▼▼▼

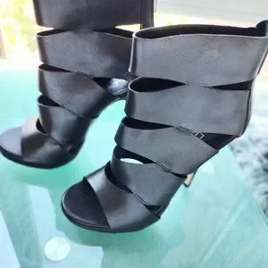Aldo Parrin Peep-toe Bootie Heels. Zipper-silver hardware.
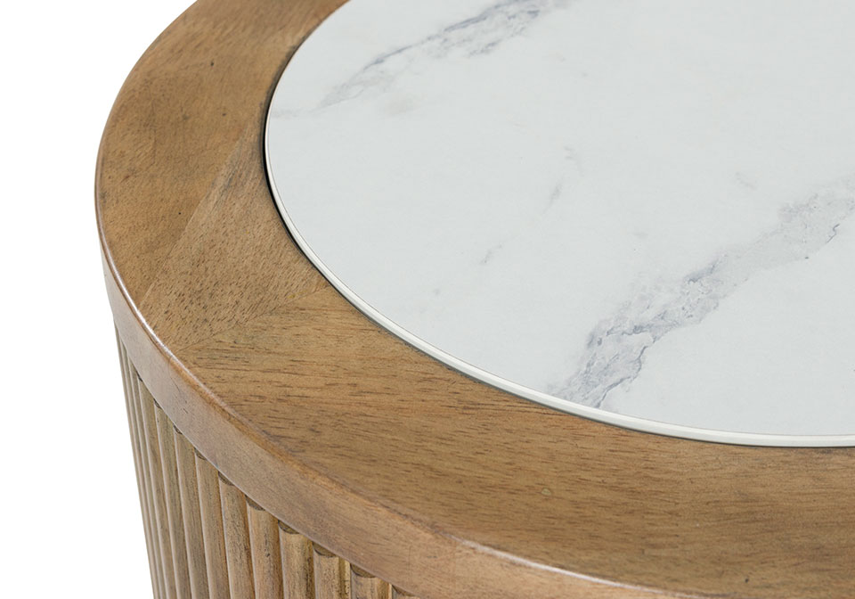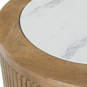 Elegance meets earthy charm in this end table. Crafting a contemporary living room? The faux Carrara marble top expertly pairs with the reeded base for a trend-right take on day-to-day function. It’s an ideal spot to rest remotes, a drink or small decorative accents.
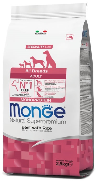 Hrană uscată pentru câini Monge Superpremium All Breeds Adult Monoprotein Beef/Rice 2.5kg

▲▲▲

(DESCRIPTION OF THE TASK): Transcribe word for word only the lines from the one with "Elegance meets earthy" through the end of the listing; every picture is to be omitted.

(WRITTEN RESPONSE):
 Elegance meets earthy charm in this end table. Crafting a contemporary living room? The faux Carrara marble top expertly pairs with the reeded base for a trend-right take on day-to-day function. It’s an ideal spot to rest remotes, a drink or small decorative accents.
 Hrană uscată pentru câini Monge Superpremium All Breeds Adult Monoprotein Beef/Rice 2.5kg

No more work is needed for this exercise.